On 2019/3/19 下午7:35, Anand Jain wrote:
>    In case of file regular extent (non inline), the metadata and data are 
>  read from two different IO operations. When we read the metadata using 
>  the btree each extent block gets verified with the expected  transid as 
>  per its parent. So suppose if any of the block is stale it gets reported 
>  and corrected by reading from the mirror (consider raid1).
>  
>    This also means the data extent is not yet read or verified and this 
>  happens when application tries to read the file.
>  When application tries to read the file btrfs_readpage(), it shall first 
>  read file extent map as provided by the metadata in the above operation 
>  (which is assured to be consistent).
>  And when file data has to be read using the above filemap as it again 
>  has the choice of using either of the mirrors, suppose if the IO is 
>  routed to the disk on which we haven't verified the metadata on it and 
>  if there is write hole on that disk, then we shall be reading the junk 
>  data without being reported anywhere.
> 
>    This is reproducible with the test case [1] in this email thread.
>      [1]
>      fstests: btrfs test read from disks of different generation
> 
>    As we have data csum most of these get caught and reported as csum 
>  error.


So far so good.

>  But csum verification is a point in verification and its not a 
>  tree based transid verification. Which means if there is a stale data 
>  with matching csum we may return a junk data silently.
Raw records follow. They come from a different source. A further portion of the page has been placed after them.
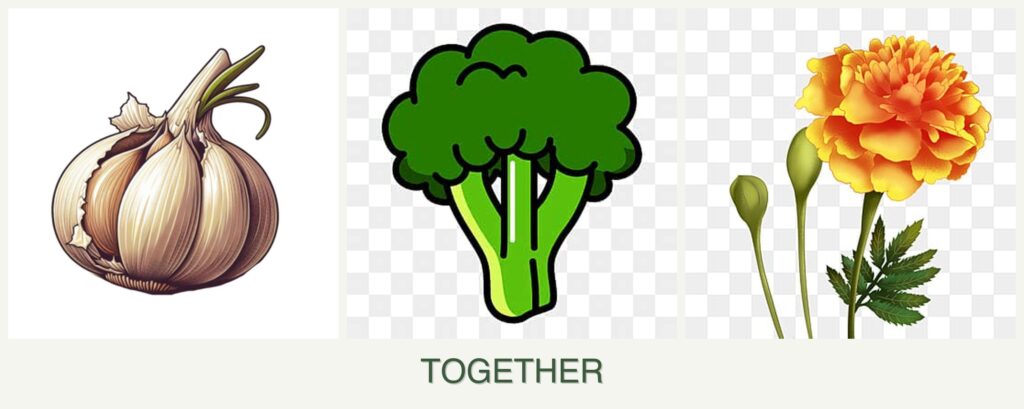 Planting garlic, broccoli, and marigolds together can offer several advantages:
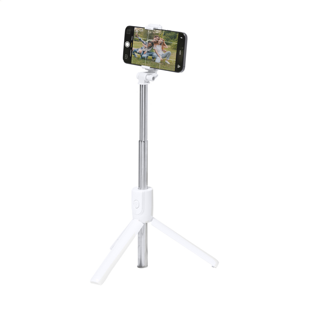 Összecsukható állvány és szelfibot ABS műanyagból és rozsdamentes acélból, állítható mobiltelefon-tartóval. vezeték nélküli exponáló távirányítóval együtt.
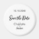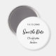 A Save the Date magnet for your wedding. A stylish white background, black text. Personalize and add your names and wedding date.
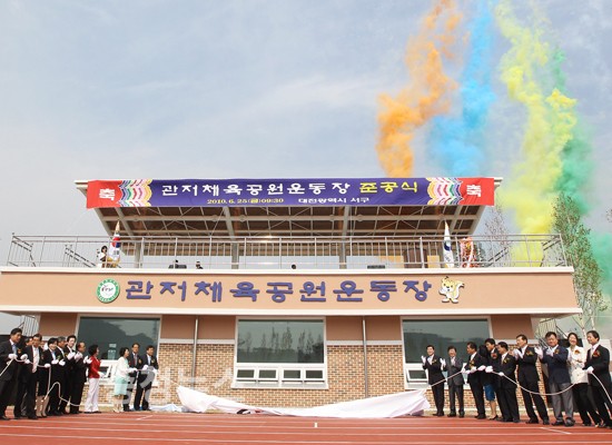 이색 축구경기, 동 대항 이어달리기 등 부대행사도 함께 열려 대전시 서구(구청장 가기산)는 25일 관저동 관저체육공원운동장 준공식을 가졌다. ▲ 관저체육공원운동장 서구 관저체육공원은 국민체육진흥기금 등 총 7억 9천여만원이 투입돼 건립, 국제규격의 인조잔디축구장과 8레인의 육상트랙, 관중석, 관리동 등을 갖추고 있다. ▲ 관저체육공원운동장 이날 준공행사에는 주민, 관계자 등 700여명이 참석했으며 풍물단의 축하공연, 남녀 대항 이색 축구경기와 동별 400m 이어달리기 경기가 펼쳐져 흥미를 더 했다. 저작권자 © 충청뉴스 무단전재 및 재배포 금지 강청자 기자 다른기사 보기 기사가 마음에 드셨나요? 충청뉴스 좋은 기사 후원하기 1,000원 3,000원 5,000원 10,000원 30,000원 50,000원 직접입력 비회원 약관동의하기 ※ 소중한 후원금은 더 좋은 기사를 만드는데 쓰겠습니다.
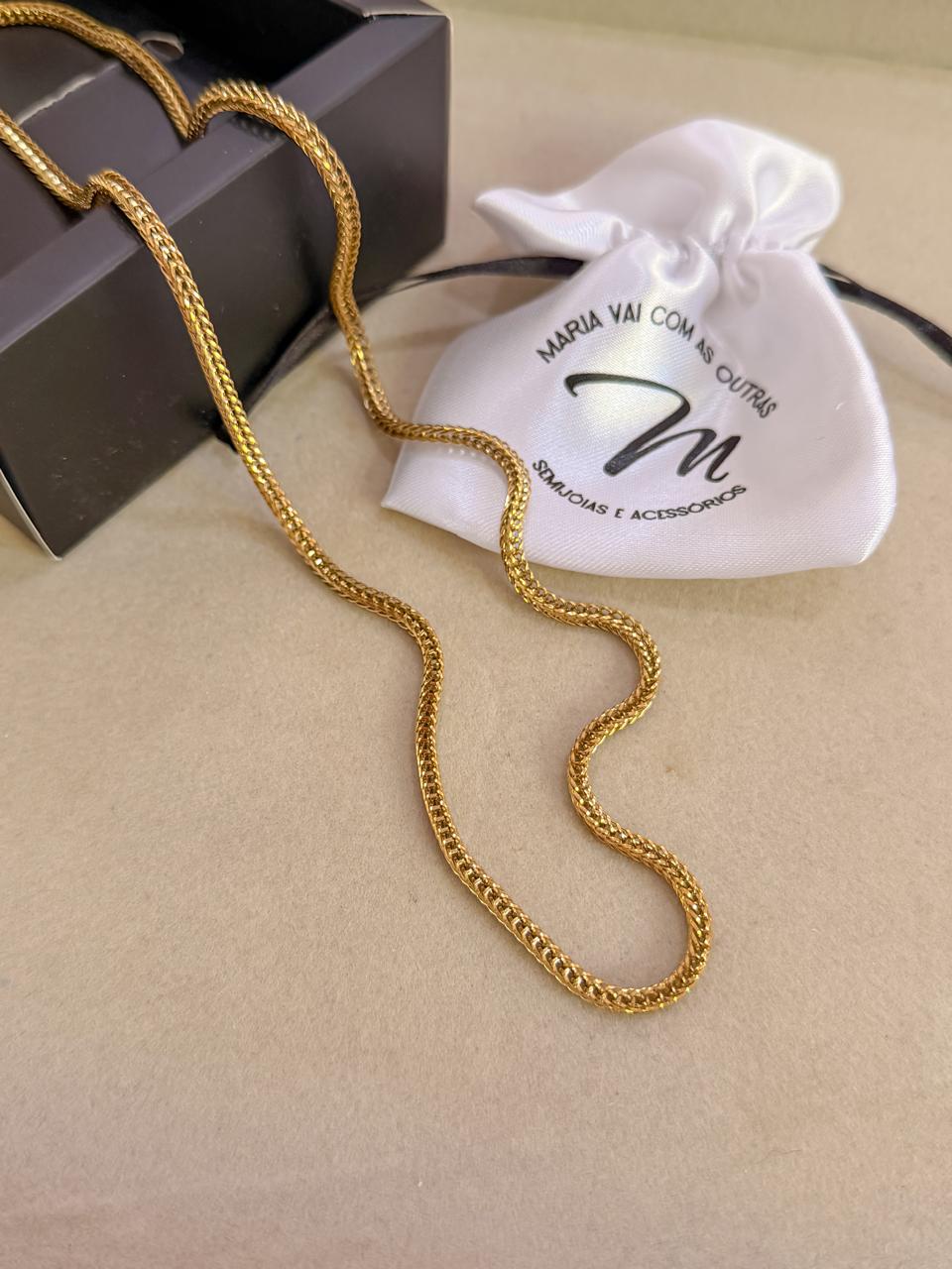 Colar elo lacreia unissex em aço inoxidável dourado com fecho lagosta.
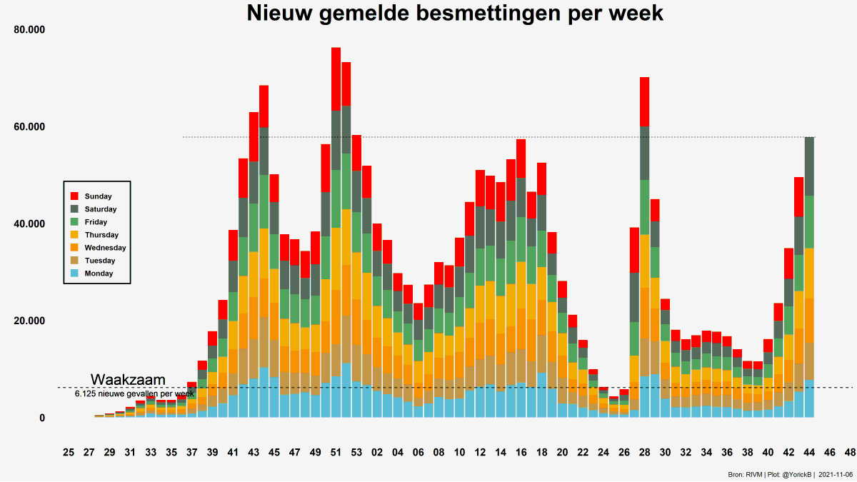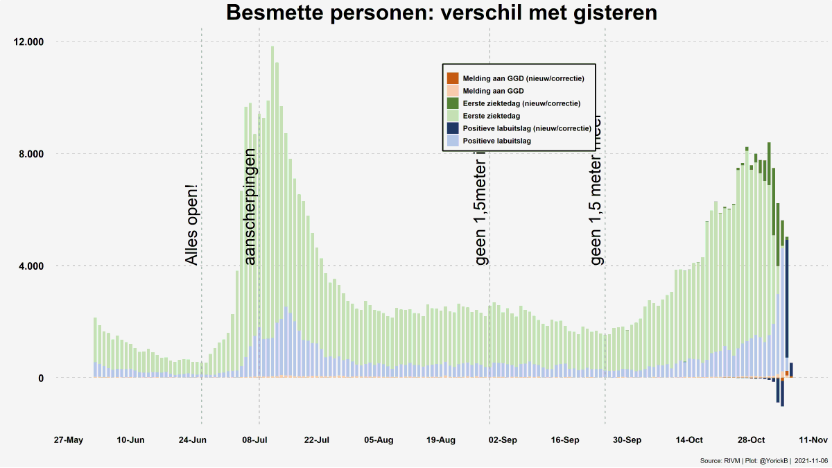 - nieuwe gevallen (laatste 2 dagen worden nog aangevuld)

Then the normal idea is to use stronger but slower csum in the first
place, to avoid the csum match case.

>  This problem is 
>  easily reproducible when csum is disabled but not impossible to achieve 
>  when csum is not disabled as well.

Under this case, it's the user to be blamed for the decision to disable
the csum in the first place.

> A tree based integrity verification 
>  is important for all data, which is missing.
>  
>  Fix:
>    In this RFC patch it proposes to use same disk from with the metadata 
>  is read to read the data.

The obvious problem I found is, the idea only works for RAID1/10.
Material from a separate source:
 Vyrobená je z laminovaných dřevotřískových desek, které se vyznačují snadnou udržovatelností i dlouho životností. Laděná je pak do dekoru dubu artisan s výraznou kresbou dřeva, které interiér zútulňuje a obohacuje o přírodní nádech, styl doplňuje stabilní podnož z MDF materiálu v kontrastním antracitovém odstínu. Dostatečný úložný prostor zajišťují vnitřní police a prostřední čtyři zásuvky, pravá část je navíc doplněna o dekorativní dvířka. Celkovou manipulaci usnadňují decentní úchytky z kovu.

For striped profile it makes no sense, or even have a worse chance to
get stale data.


To me, the idea of using possible better mirror makes some sense, but
very profile limited.


Another idea I get inspired from the idea is, make it more generic so
that bad/stale device get a lower priority.
Although it suffers the same problem as I described.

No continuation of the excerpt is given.